§ Directions for this task
Copy out precisely the lines from the start of the data through the line with "Repräsentieren den Verein: Christian", and keep pictures out of it.

*** Records for this task Section Begins ***

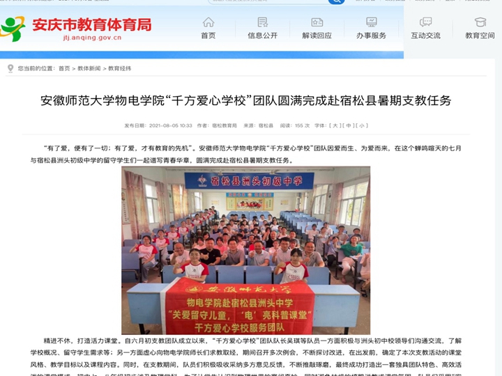 本网讯(千方爱心学校赴洲头初中支教团队)7月13日上午,安徽师范大学免费色情片 “千方爱心学校”赴宿松县洲头初中2021年暑期社会实践活动再起航。
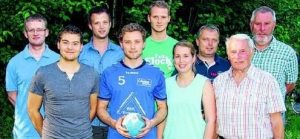 Repräsentieren den Verein: Christian Heiter (Spielwart, hinten v.l.), Thomas Peitzmeier (Schiedsrichterwart), Tim Koebke (Jugendtrainer und Spieler der 1. Mannschaft), Rene Grohmann (Teammanager), Horst Droese (Vorsitzender und Geschäftsführer), Julian Brandt (Jugendkoordinator und Co-Trainer der 1. Mannschaft, vorne v.l.), Jan Frederik Koebke (Spieler der 1. Mannschaft), Carolin Seymar (Physiotherapeutin) und Horst Mischok (Ehrenmitglied). Foto: Reiz
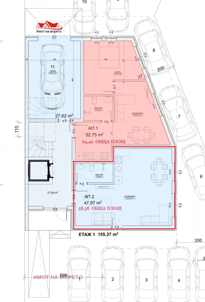 Имот на морето продава директно от инвеститора и без комисионна в гр. Приморско ЕДНОСТАЕН АПАРТАМЕНТ, с площ 58.58 кв.м, разположен на първи етаж в нова бутикова сграда, със следното разпределение: просторна дневна с кухненски бокс и санитарен възел. Сградата се намира на първа линия в южната част на гр. Приморско само на 50м. от плажа! Разполага с асансьор, парко места и енергиен клас А+ по стандарт от 2024г.
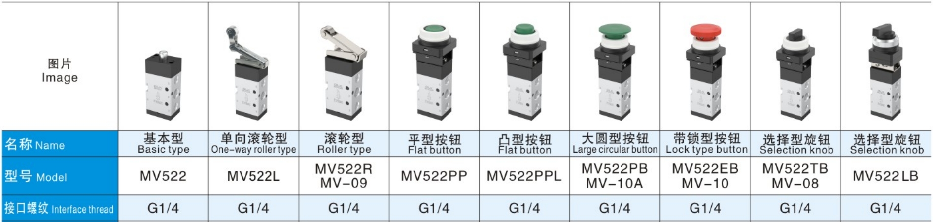 Το MV522 Mechanical Button Valve Valve είναι G1/4, με μια πίεση να κυμαίνεται 0-0,8MPa και δεν απαιτεί λίπανση. Εύκολη διατήρηση και εξυπηρέτηση, μείωση του χρόνου διακοπής και συντήρησης του κόστους.
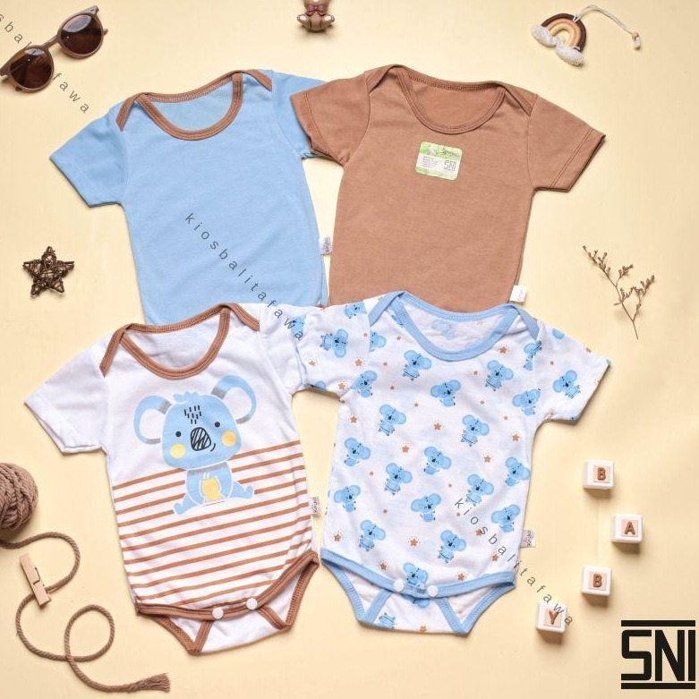 2. Paket 4 Pcs Jumper Bayi SNI 0-6 Bulan - Baju Kodok Newborn Laki Perempuan - Kado Lahiran
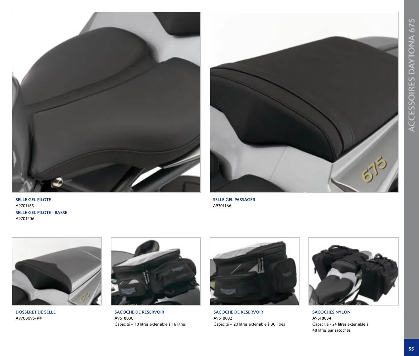 A9720101 ACCESSOIRES dAytOnA 675 PLAtInES REPOSE PIEdS ARROw A9750539 A utiliser uniquement sur circuit ROULEttES POUR BÉQUILLE dE StAnd - GRIS A9648002 QUICKSHIFt A9930222 – A utiliser avec les platines d’origine A9930224 – A utiliser avec les platines Arrow A utiliser uniquement sur circuit ROULEttES POUR BÉQUILLE dE StAnd - nOIR A9648003 KIt dE FInItIOn PLAtInE REPOSE PIEd AR A9708094
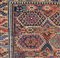 Jaf carpet. Persia. Second half of the 19th century. Published in the "JAF" catalogue, 2009 by James Cohen. Fleece carpet, a headboard to be restored, very small spots already restored on the field and the dark brown color oxidized. 222x115 cm approx. Tappeto Jaf. Persia. Seconda meta' del XIX secolo. Pubblicato sul catalogo "JAF", 2009 di James Cohen. Tappeto in vello, una testata da restaurare, sul campo piccolissimi punti gia' restaurati e il colore marrone scuro ossidato. 222x115 cm ca.
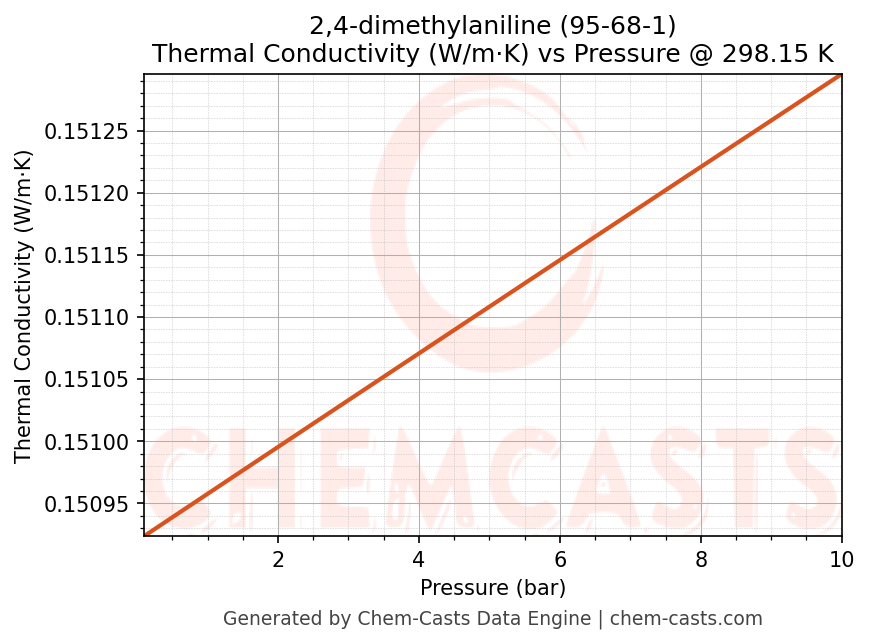 This page presents the pressure-dependent thermodynamic and transport properties of 2,4-dimethylaniline (CAS 95-68-1) calculated at a constant temperature of 298 K (25 °C) over the pressure range 0.10-10 bar.
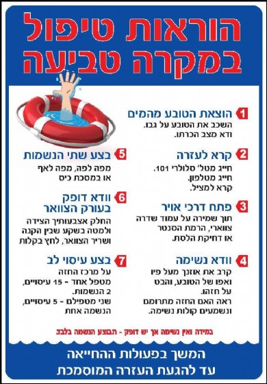שלט PVC איכותי בעובי 2 מ"מ הוראות טיפול במקרה טביעה במידה 80 × 115 ס"מ. ניתן להזמין את כל סוגי השלטים בייצור אישי כולל מידות וסוגי חומרים.
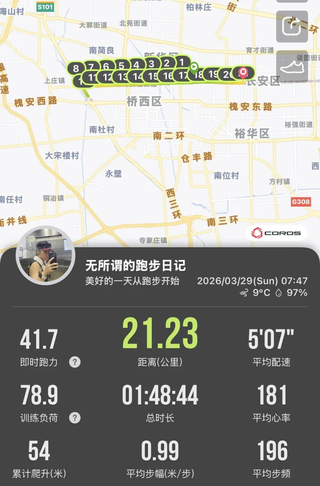 今日石家庄的气温看起来是9度,其实会更高点,因为太阳出来了,而且没有什么遮挡,所以体温其实会很难受。当然这体温还是比起南宁好多点。本以为湿度不大,但是前夜下了场大雨,今天的湿度还是有些大的,所以我的心率很顶,后半程基本在180以上,这很危险,不建议参考。虽然赛道没有什么爬升,但是有个隧道来回的时候因为坡度大,会影响节奏。其他都非常好!

*** Records for this task Section Ends ***

§ Finished task
 本网讯(千方爱心学校赴洲头初中支教团队)7月13日上午,安徽师范大学免费色情片 “千方爱心学校”赴宿松县洲头初中2021年暑期社会实践活动再起航。
 Repräsentieren den Verein: Christian Heiter (Spielwart, hinten v.l.), Thomas Peitzmeier (Schiedsrichterwart), Tim Koebke (Jugendtrainer und Spieler der 1. Mannschaft), Rene Grohmann (Teammanager), Horst Droese (Vorsitzender und Geschäftsführer), Julian Brandt (Jugendkoordinator und Co-Trainer der 1. Mannschaft, vorne v.l.), Jan Frederik Koebke (Spieler der 1. Mannschaft), Carolin Seymar (Physiotherapeutin) und Horst Mischok (Ehrenmitglied). Foto: Reiz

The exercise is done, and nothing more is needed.